Sadly, we’ll most likely see an influx of regulation right when it’s broadly accessible to the general public to run locally.
Yeah, most likely, and it’ll only bind users and protect the businesses, as always.
It already is broadly accessible to the general public. They just don’t know about it or just accept using one of the cloud versions. It’s trivial to get up and running at this point.
That’s news to me, unless you’re only referring to the smaller models. Any chance you can run a model that exceeds your ram capacity yet?
This is probably the easiest tool I’ve used to run them: https://lmstudio.ai/
There’s tons of models available here, some of them fairly large: https://huggingface.co/
No, I’m pretty sure there’s no way to run any larger than your RAM/VRAM, at least not automatically. You can use storage as RAM, but that’s probably not a good idea. It’s orders of magnitude slower. You’re better off running a smaller model.
I’m not knowledgeable in this area, but I wish there was a way to partition the model and stream the partitions over the input, allowing for some kind of serially processing of models that do exceed memory. Like if I could allocate 32gb of ram, and process a 500gb model but at (500/32) a 15x slower rate.
But we can’t afford to pay. I don’t think open models like the one in the OP article would be developed and released for free to the public if there was a complex process of paying billions of dollars to rightsholders in order to do so. That sort of model would favor a monopoly of centralized services run only by the biggest companies.
The model should take into account income. For an open-source model it should be free. It’s using public data to produce a public product. For a for-profit model it should be paid. If they’re profiting off of public data then they should have to pay for the right to use it.
We can’t afford to make any of this. We don’t have the money for the compute required or to pay for the lawyers to make the law work for us. It should benefit the people, so it needs to change. It needs to be “expanded” (I wouldn’t call it that, rather “modified” but I’ll use your word) in that it currently only protects the wealthy and binds the poor. It should be the opposite.

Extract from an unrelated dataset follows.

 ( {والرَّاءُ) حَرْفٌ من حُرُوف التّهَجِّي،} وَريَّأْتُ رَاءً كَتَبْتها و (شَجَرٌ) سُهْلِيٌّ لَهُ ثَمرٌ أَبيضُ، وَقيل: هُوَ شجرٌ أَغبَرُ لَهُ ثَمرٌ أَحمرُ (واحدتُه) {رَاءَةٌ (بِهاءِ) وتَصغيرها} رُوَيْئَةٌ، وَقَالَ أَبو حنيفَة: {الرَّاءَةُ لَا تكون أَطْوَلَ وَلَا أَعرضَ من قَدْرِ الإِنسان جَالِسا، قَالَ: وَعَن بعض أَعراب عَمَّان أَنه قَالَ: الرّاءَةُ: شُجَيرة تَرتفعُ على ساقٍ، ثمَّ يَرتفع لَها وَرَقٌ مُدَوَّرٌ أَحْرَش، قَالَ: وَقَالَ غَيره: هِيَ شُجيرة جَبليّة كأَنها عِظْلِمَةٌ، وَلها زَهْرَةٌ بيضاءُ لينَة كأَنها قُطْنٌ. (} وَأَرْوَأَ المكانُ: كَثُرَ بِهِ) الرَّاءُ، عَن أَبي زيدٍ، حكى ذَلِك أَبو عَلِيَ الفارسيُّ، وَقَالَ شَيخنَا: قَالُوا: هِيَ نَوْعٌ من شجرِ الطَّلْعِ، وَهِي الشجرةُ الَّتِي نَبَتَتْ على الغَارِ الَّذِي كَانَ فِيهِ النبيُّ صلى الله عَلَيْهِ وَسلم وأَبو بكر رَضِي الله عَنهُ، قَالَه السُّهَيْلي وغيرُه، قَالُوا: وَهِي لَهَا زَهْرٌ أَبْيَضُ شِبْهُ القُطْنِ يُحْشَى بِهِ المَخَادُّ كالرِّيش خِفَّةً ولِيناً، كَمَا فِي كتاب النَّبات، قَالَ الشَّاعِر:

I don’t think this is entirely true; yeah, large foundational models have training costs that are beyond the reach of individuals, but plenty can be done that is not, or can be done by a relatively small organization. I can’t find a direct price estimate for Apertus, and it looks like they used their own hardware, but it’s mentioned they used ten million gpu hours, and GH200 gpus; I found a source online claiming a rental cost of $1.50 per hour for that hardware, so I think the cost of training this could be loosely estimated to be something around 20 million dollars.
That is a lot of money if you are one person, but it’s an order of magnitude smaller than the settlements of billions of dollars being paid so far by the biggest AI companies for their hasty unauthorized use of copyrighted materials. It’s easy to see how copyright and legal costs could potentially be the bottleneck here preventing smaller actors from participating.

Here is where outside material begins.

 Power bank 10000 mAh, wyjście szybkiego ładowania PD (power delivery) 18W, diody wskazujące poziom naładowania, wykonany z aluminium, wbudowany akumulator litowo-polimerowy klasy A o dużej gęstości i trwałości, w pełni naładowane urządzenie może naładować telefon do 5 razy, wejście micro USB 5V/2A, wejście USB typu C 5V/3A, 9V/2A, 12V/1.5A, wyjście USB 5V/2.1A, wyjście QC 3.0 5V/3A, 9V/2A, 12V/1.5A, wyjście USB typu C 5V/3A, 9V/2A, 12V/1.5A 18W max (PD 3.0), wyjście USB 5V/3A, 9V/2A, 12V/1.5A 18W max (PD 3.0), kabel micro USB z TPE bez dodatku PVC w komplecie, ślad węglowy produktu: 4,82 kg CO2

How would that even work though? Yes, copyright currently favors the wealthy, but that’s because the whole concept of applying property rights to ideas inherently favors the wealthy. I can’t imagine how it could be the opposite even in theory, but in practice, it seems clear that any legislation codifying limitations on use and compensation for AI training will be drafted by lobbyists of large corporate rightsholders, at the obvious expense of everyone with an interest in free public ownership and use of AI technology.